### Exercise inputs
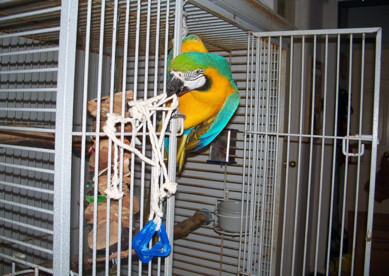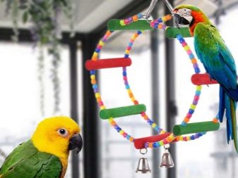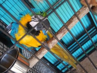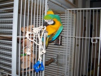 Keep in mind that the macaw likes to hang upside down, so place toys and vertical structures should be higher, so that the bird does not hit the bottom of the enclosure. Do not forget that these parrots are great lovers of water procedures, therefore a small bath should be installed in the cage.
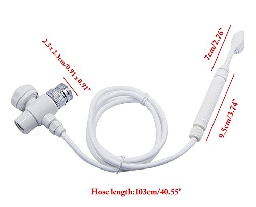 It is quite and comfortable,watertemperature can be directly adjust at the tap. Flush your teeth after meals and beforesleeping,keep health for oral cavity. Easy to install at sinks and in shower. Easy to use -- snap on/off in one second. Easy to carry on travel. Easy to adjust for pressure.
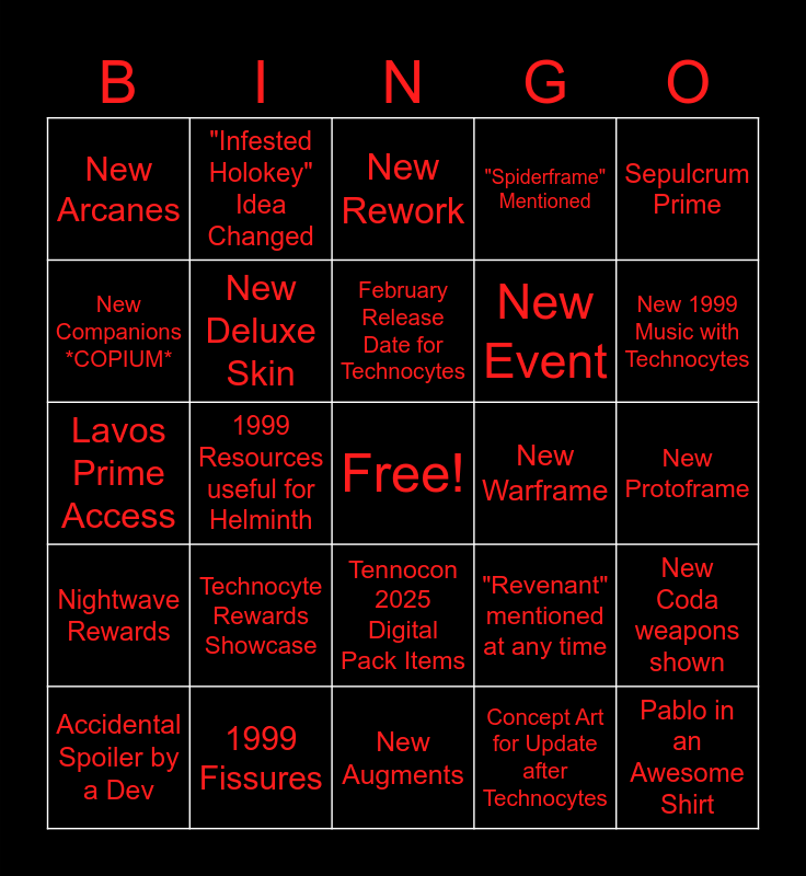 This bingo card has a free space and 24 words: Technocyte Rewards Showcase, 1999 Fissures, February Release Date for Technocytes, Accidental Spoiler by a Dev, Sepulcrum Prime, New Arcanes, New Companions *COPIUM*, "Infested Holokey" Idea Changed, New Warframe, Tennocon 2025 Digital Pack Items, New Event, Lavos Prime Access, "Revenant" mentioned at any time, New Coda weapons shown, New Deluxe Skin, Concept Art for Update after Technocytes, New Protoframe, New Rework, New 1999 Music with Technocytes, 1999 Resources useful for Helminth, Pablo in an Awesome Shirt, Nightwave Rewards, "Spiderframe" Mentioned and New Augments.
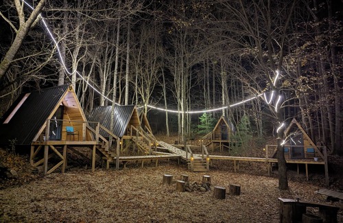 Make this brand-new cabin your home away from home while adventuring in Hartford, TN. Halls Top Hangout features 5 mini cabins equipped with queen beds, camping essentials, and so much more. We offer a genuine outdoor experience for those looking to escape the everyday. Nestled amidst nature, our off-grid, unplugged A-frame cabins provide the perfect base for adventure & relaxation. Located between the GSM and the Cherokee NF, adventure is all around. We are only 5 miles from white-water rafting, ziplining, and so much more!
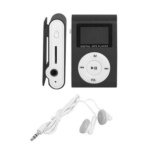 Leitor de MP3 com suporte para cartões micro SD 100% novo e de alta qualidade. De tamanho pequeno, portátil e fácil de transportar. Vem com auriculares e cabo USB para carregar.
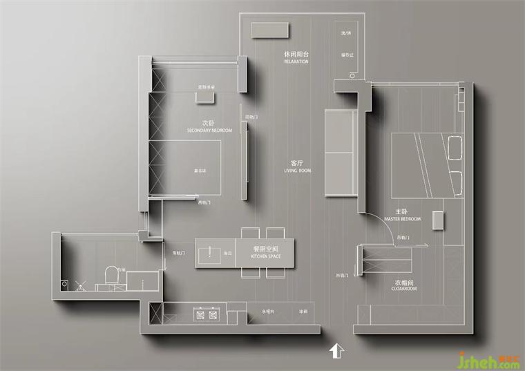 4、主臥設(shè)吊軌門,隔出獨(dú)立的衣帽間,一并實(shí)現(xiàn)空間的內(nèi)外聯(lián)動,構(gòu)建趣味的環(huán)形動線。

### Aim of the exercise
Each line from the first line of the listing through the line with "It is quite" must be printed exactly, both ends included, and no picture may appear.

### Task answer
 Keep in mind that the macaw likes to hang upside down, so place toys and vertical structures should be higher, so that the bird does not hit the bottom of the enclosure. Do not forget that these parrots are great lovers of water procedures, therefore a small bath should be installed in the cage.
 It is quite and comfortable,watertemperature can be directly adjust at the tap. Flush your teeth after meals and beforesleeping,keep health for oral cavity. Easy to install at sinks and in shower. Easy to use -- snap on/off in one second. Easy to carry on travel. Easy to adjust for pressure.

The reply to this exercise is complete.